*Work task*
Output each line of the data below exactly, omitting any image.
┌─ Provided data
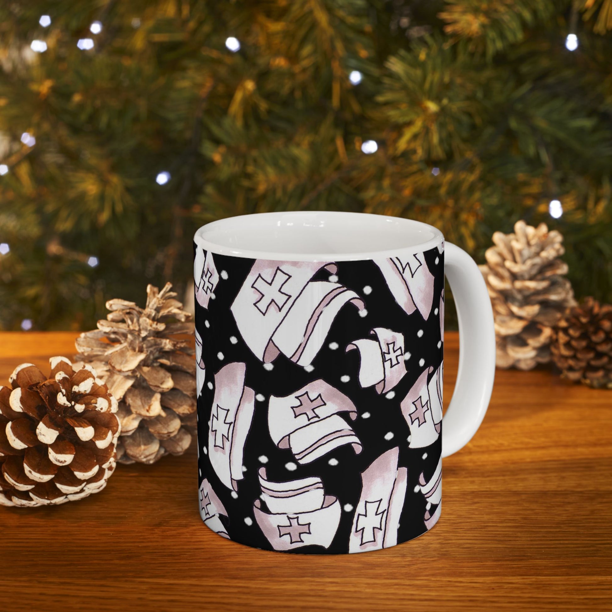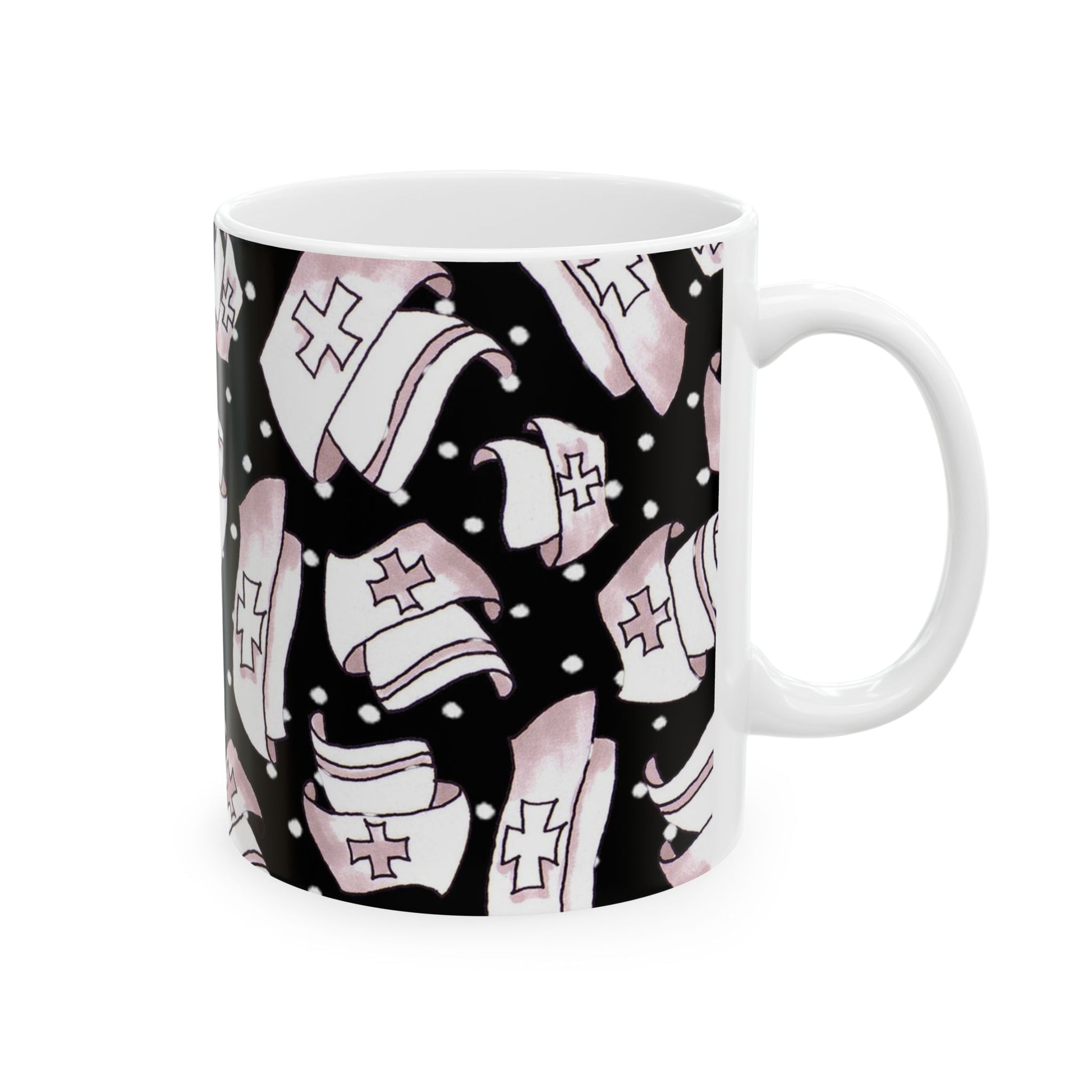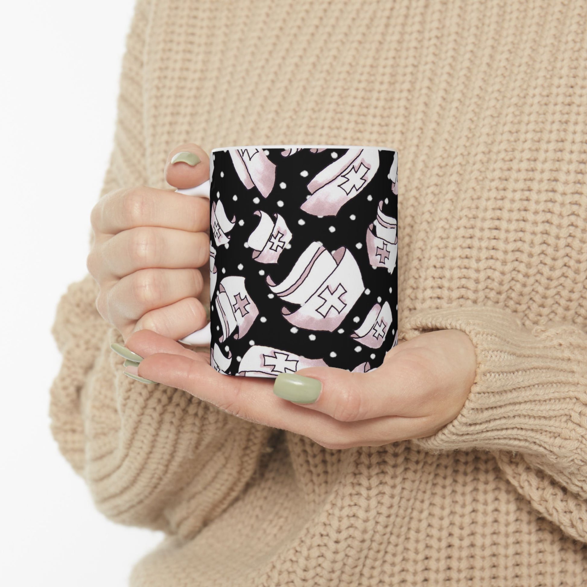 White ceramic 11oz mug with fun, colorful, Loralie sewing ladies enjoying each other's quirky company. Every project is more fun with the perfect Sewing Sisters mug! Makes a great gift!
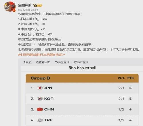 放眼下一場即3月1日中國男籃在菲律賓馬尼拉對陣中國臺北隊的比賽,出戰(zhàn)12人大名單不變,胡明軒和趙嘉義依然落選。
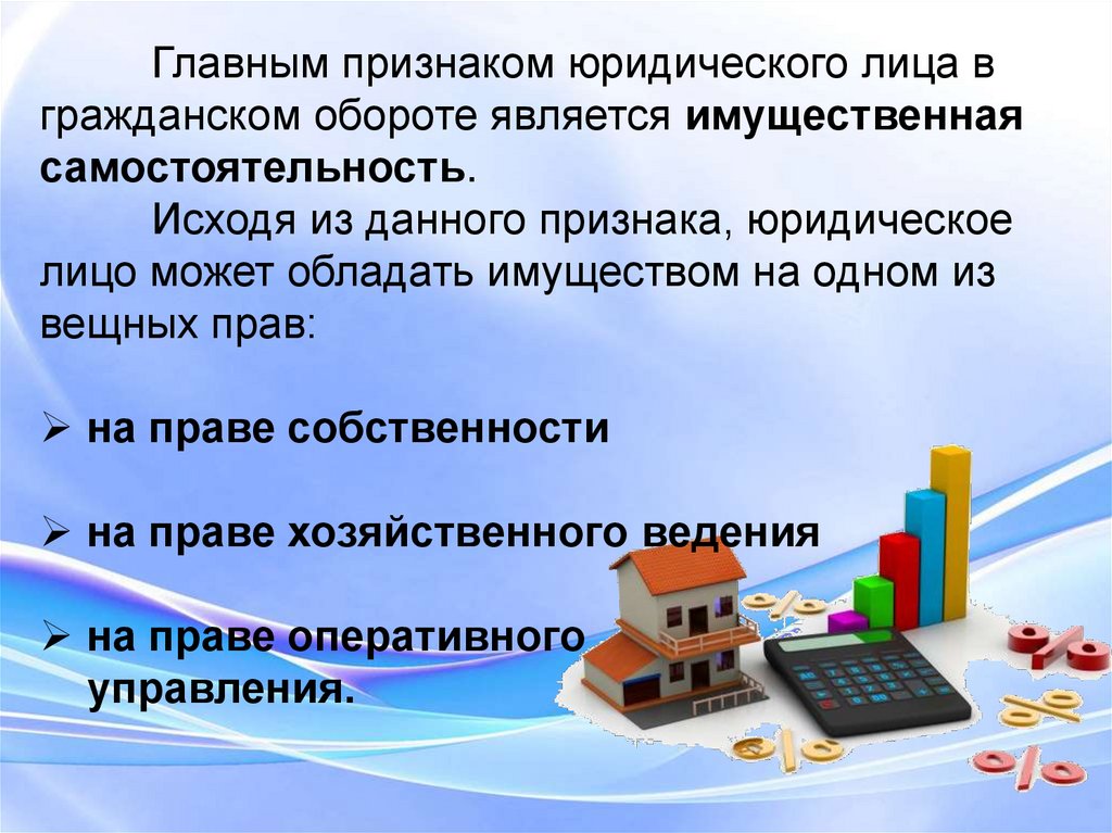 Главным признаком юридического лица вгражданском обороте является имущественная
└─
*Output for this task*
 White ceramic 11oz mug with fun, colorful, Loralie sewing ladies enjoying each other's quirky company. Every project is more fun with the perfect Sewing Sisters mug! Makes a great gift!
 放眼下一場即3月1日中國男籃在菲律賓馬尼拉對陣中國臺北隊的比賽,出戰(zhàn)12人大名單不變,胡明軒和趙嘉義依然落選。
 Главным признаком юридического лица вгражданском обороте является имущественная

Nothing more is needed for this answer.